→ **ACTION ITEM**: Transcribe the data exactly. Pictures stay out.

→ **SOURCE DATA**:
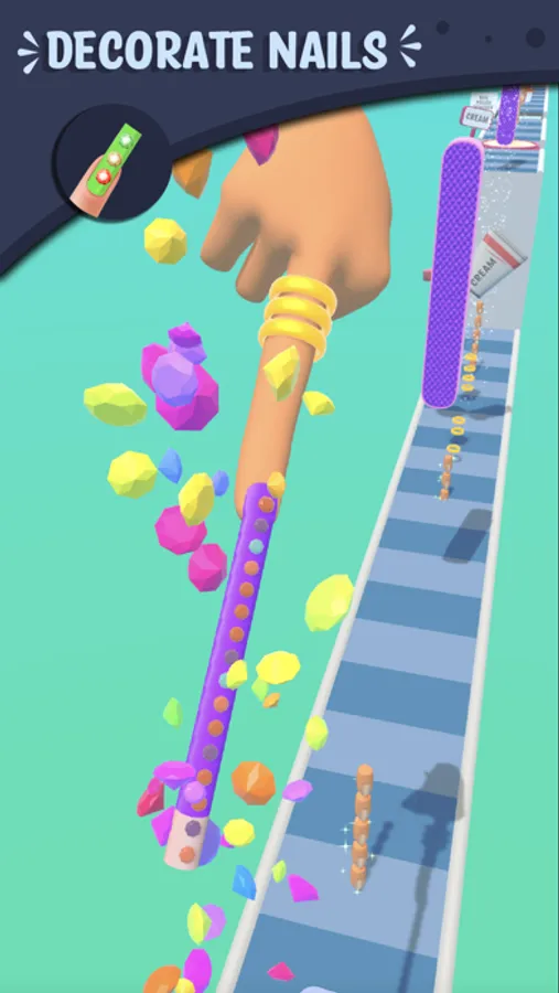 Simple but addicting gameplay and visual feedback will make you happy. Funny gameplay will bind you! Show them who is the best for collecting fancy nails without.
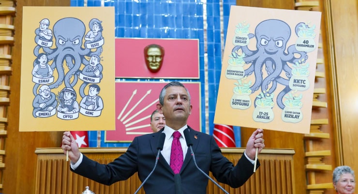 CHP Genel Başkanı Özgür Özel, Cumhurbaşkanı Tayyip Erdoğan’a ahtapot görselleriyle seslendi: “Al sana ahtapot.”
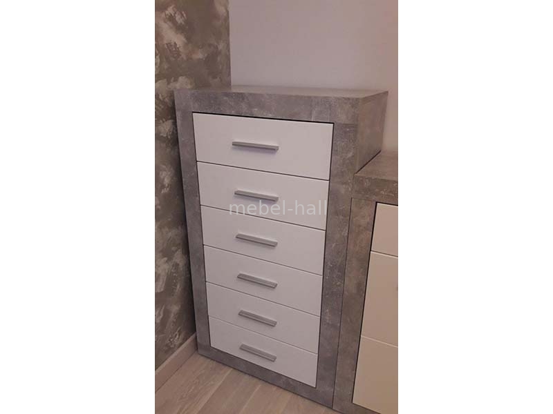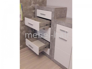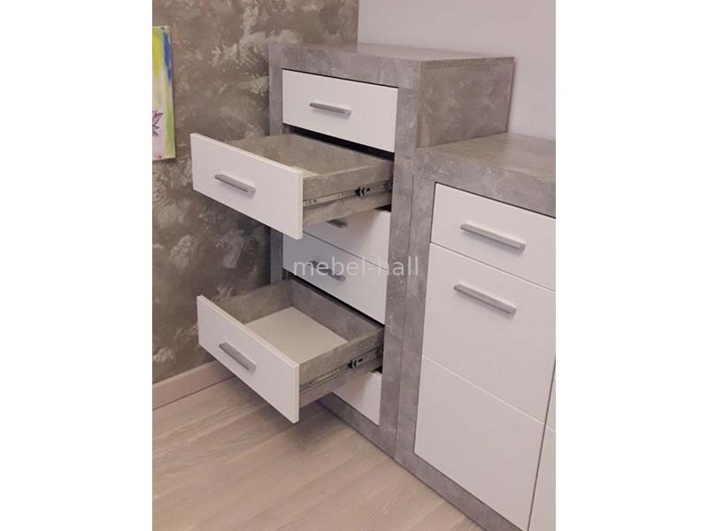 Фасад выполнен из МДФ в цвете Белый + ДСП в цвете Индастрил.

→ **EXERCISE OUTPUT**:
 Simple but addicting gameplay and visual feedback will make you happy. Funny gameplay will bind you! Show them who is the best for collecting fancy nails without.
 CHP Genel Başkanı Özgür Özel, Cumhurbaşkanı Tayyip Erdoğan’a ahtapot görselleriyle seslendi: “Al sana ahtapot.”
 Фасад выполнен из МДФ в цвете Белый + ДСП в цвете Индастрил.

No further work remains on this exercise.